Viele Menschen werden unverschuldet in einen Unfall verwickelt. Laien sind kaum in der Lage, Ansprüche zu beziffern

Schade eigentlich, dass Radfahrer und Skifahrer keine Nummernschilder tragen müssen. Viele Unfallopfer könnten sonst leichter herausfinden, wer sie über den Haufen gefahren hat. So aber müssen sie hoffen, dass der Übeltäter nicht verschwindet oder sich ein Zeuge findet, der den Unfall beobachtet hat. „Lässt sich der Verursacher feststellen, muss er den Schaden wiedergutmachen“, sagt Gerald Archangeli vom Bundesverband deutscher Versicherungskaufleute . „Je nach Schwere des Unfalls kann das vom Ersetzen beschädigter Kleidung bis zur Zahlung einer lebenslangen Rente reichen.“

In solchen Fällen springt eine private Haftpflichtversicherung ein. Diese kommt sowohl für Personen- als auch Sachschäden auf. Vorausgesetzt, die Schuldfrage ist geklärt – oft bleibt Geschädigten nur der Gang vor Gericht. Doch selbst wenn klar ist, wer Schuld hatte, stellt sich die Frage: Wie viel Geld steht dem Unfallopfer zu? „Ein Laie ist kaum in der Lage, seine Ansprüche korrekt zu beziffern“, sagt Archangeli. „Deshalb rate ich Betroffenen, in komplexeren Fällen einen Anwalt einzuschalten.“ Dieser kann auf Augenhöhe mit der gegnerischen Versicherung verhandeln, Ansprüchen den nötigen Nachdruck verleihen – und muss vom Unfallverursacher bezahlt werden. Grundsätzlich sei der Geschädigte so zu entschädigen, als sei der Unfall nicht passiert. „Das bedeutet allerdings, dass die zerrissene Hose nur mit dem Zeitwert erstattet wird“, sagt Archangeli.

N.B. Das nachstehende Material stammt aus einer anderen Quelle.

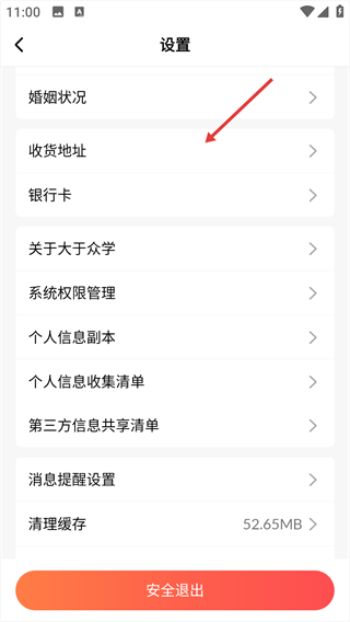 2、进入设置页面,选择“收货地址”选项。

Ganz andere Summen stehen verletzten oder dauerhaft invaliden Unfallopfern zu. Ist jemand krankgeschrieben, muss der Unfallverursacher den Verdienstausfall ersetzen. Hinzu kommen Ansprüche auf Schmerzensgeld. Was aber, wenn der Verursacher weder versichert ist noch Geld hat? „Dann läuft der Geschädigte Gefahr, auf seinen Kosten sitzenzubleiben“, sagt Gerald Archangeli. „Wer das verhindern will, sollte sich um eine Forderungsausfalldeckung kümmern.“ Dabei handelt es sich um einen Zusatzbaustein zur Privathaftpflicht, der pro Jahr circa 20 Euro kostet. Kann der Verursacher nicht zahlen, bekommt das Unfallopfer die Kosten von der Versicherung erstattet.

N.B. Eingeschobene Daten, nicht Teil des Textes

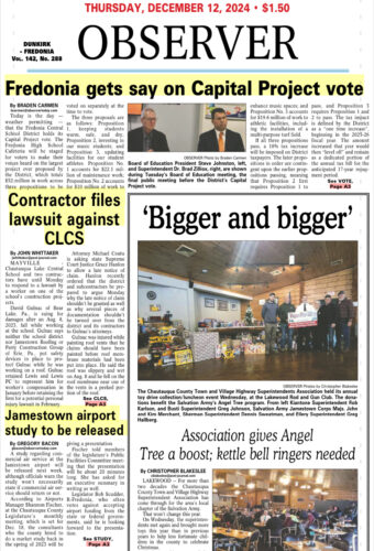 Due to current weather conditions and the forecast for the remainder of the day, the Fredonia Central School District is closed on Thursday, Dec. 12. All after-school and evening events are postponed, including the District’s Capital Project vote. The vote is postponed until Friday, Dec. 13 ...

Einige Regeln beachten müssen geschädigte Autofahrer. „Sie sollten zunächst nicht auf Überrumpelungsversuche hereinfallen“, warnt Frank Häcker, Fachanwalt für Verkehrsrecht. „Mancher Unfallgegner versucht, sich mit ein paar Geldscheinen aus der Verantwortung zu stehlen.“ Doch unter einer kleinen Beule verbergen sich oft goße Schäden. „Mein Rat an Geschädigte: Lassen Sie sich auf nichts ein.“

Mit besonderer Vorsicht zu genießen sei „aktives Schadensmanagement“ der gegnerischen Versicherung. Unfallopfern werde angeboten, den Schaden komplett zu regulieren – vom Gutachten bis zur Reparatur inklusive Mietwagen. „Geschädigte haben aber ein Recht darauf, ihren Wagen vom neutralen Gutachter ansehen zu lassen.“ Dies gilt analog für Werkstätten: „Wer sein Auto in einem Partnerbetrieb der Versicherung reparieren lässt, muss damit rechnen, dass äußerst kostensparend gearbeitet wird“, sagt Häcker.

Kracht es auf dem Weg zur Arbeit, steht der Geschädigte unter dem Schutz der gesetzlichen Unfallversicherung. „Ansprechpartner ist dann die zuständige Berufsgenossenschaft“, sagt Stefan Boltz von der Deutschen Gesetzlichen Unfallversicherung. Sie übernimmt nach Wegeunfällen die Kosten für medizinische Behandlung und Reha und zahlt bei dauerhaft eingeschränkter Erwerbsunfähigkeit eine Rente. „Wer allerdings einen Umweg macht, verliert den Versicherungsschutz“, sagt Boltz.